══ Data records ══

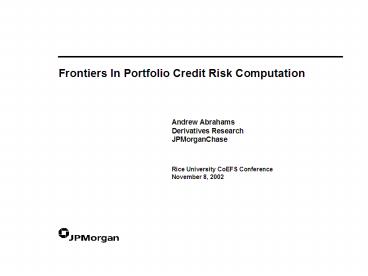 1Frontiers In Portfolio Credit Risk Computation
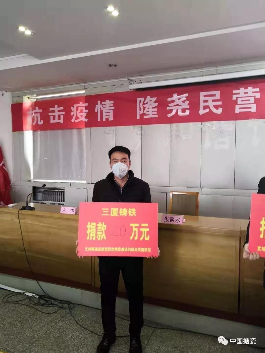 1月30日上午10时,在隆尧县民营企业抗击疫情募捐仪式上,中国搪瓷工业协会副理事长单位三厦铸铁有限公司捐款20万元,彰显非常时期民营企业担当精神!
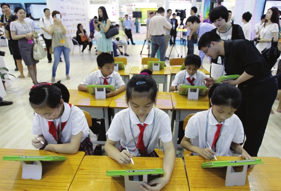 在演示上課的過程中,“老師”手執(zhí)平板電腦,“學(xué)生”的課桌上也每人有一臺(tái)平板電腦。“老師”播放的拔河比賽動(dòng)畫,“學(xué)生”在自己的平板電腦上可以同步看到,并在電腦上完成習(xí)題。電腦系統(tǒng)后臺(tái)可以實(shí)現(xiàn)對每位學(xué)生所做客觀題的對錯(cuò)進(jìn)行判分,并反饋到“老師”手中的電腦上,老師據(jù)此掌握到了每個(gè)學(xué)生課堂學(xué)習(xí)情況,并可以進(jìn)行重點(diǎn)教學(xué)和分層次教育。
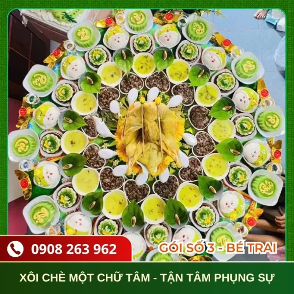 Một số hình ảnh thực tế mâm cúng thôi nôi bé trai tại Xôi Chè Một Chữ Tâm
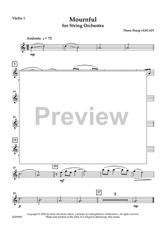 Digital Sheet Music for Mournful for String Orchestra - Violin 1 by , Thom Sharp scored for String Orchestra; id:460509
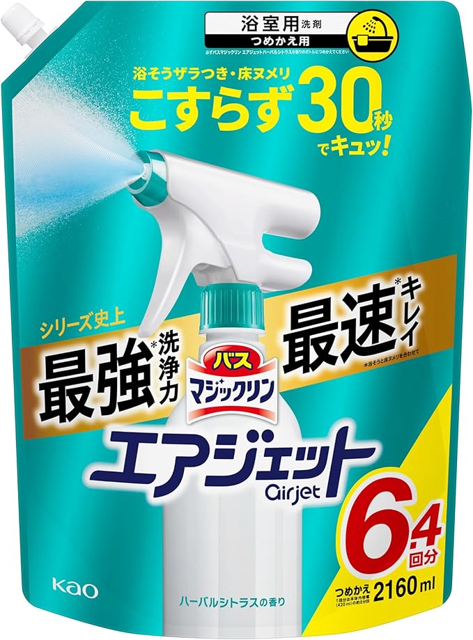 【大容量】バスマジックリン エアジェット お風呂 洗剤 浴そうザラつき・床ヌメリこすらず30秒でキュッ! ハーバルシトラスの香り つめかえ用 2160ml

═══
══ Data records ══

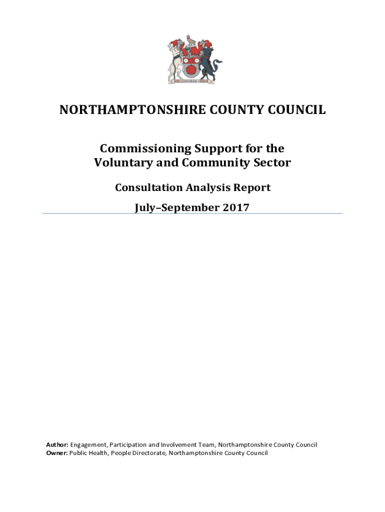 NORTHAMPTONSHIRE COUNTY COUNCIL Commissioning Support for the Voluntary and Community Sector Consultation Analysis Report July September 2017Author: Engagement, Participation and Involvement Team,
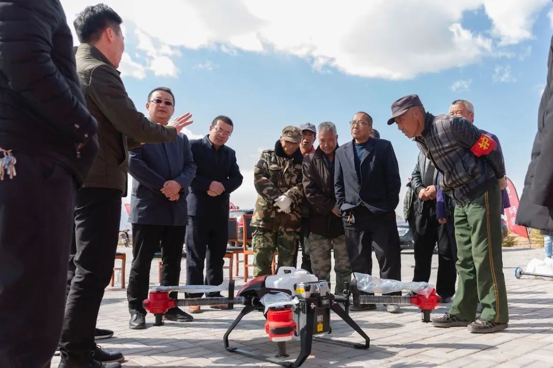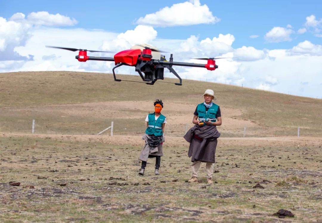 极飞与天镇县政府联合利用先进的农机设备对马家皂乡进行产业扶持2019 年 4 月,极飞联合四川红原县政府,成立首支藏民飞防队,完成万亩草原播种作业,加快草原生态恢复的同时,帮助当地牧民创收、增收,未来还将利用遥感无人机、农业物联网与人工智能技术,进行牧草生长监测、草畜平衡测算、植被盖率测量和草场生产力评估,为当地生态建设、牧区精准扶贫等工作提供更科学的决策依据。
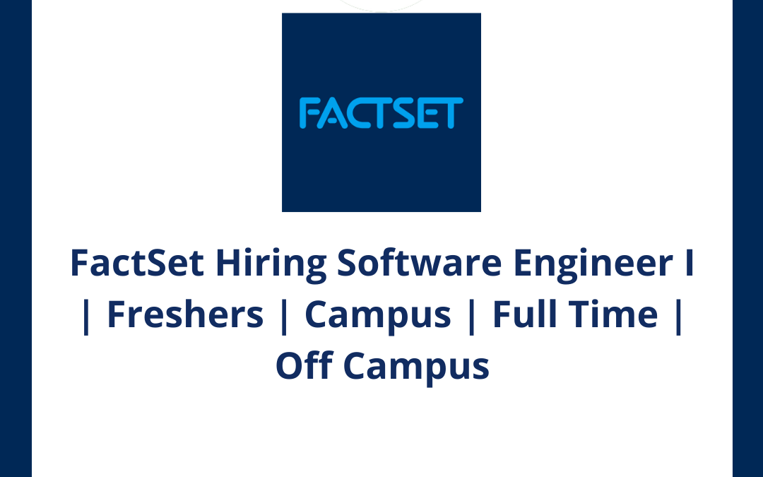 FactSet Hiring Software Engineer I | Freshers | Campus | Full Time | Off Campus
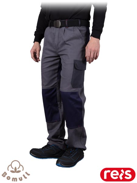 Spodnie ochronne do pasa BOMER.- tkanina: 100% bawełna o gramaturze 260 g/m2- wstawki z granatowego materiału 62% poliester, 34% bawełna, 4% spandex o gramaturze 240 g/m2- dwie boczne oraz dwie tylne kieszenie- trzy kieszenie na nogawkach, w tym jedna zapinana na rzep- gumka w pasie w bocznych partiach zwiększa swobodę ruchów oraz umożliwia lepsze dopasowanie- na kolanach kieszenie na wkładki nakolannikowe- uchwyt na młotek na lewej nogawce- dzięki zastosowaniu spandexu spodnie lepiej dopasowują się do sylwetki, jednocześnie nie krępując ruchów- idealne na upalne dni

═══
══ Data records ══

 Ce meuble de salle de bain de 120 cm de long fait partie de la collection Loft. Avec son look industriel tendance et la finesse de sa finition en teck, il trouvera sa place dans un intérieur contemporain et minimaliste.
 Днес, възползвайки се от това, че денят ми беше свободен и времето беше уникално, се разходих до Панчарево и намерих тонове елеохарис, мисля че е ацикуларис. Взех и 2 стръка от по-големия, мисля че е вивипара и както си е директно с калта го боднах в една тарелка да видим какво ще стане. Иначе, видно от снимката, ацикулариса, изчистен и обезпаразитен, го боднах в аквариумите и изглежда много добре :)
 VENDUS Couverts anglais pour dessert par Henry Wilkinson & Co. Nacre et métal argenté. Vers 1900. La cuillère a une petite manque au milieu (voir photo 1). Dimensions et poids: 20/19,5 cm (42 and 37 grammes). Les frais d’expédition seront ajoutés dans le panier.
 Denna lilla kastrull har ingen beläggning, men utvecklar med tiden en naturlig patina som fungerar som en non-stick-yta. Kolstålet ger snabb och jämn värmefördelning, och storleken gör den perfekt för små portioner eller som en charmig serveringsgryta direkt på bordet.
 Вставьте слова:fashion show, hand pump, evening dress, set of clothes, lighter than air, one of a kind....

═══

• [What this task involves]: From the records above, copy exactly the stretch from the line holding "Digital Sheet Music" through the line holding "ハーバルシトラスの香り つめかえ用 2160ml", both ends included, without the pictures.

• [Answer below]:
 Digital Sheet Music for Mournful for String Orchestra - Violin 1 by , Thom Sharp scored for String Orchestra; id:460509
 【大容量】バスマジックリン エアジェット お風呂 洗剤 浴そうザラつき・床ヌメリこすらず30秒でキュッ! ハーバルシトラスの香り つめかえ用 2160ml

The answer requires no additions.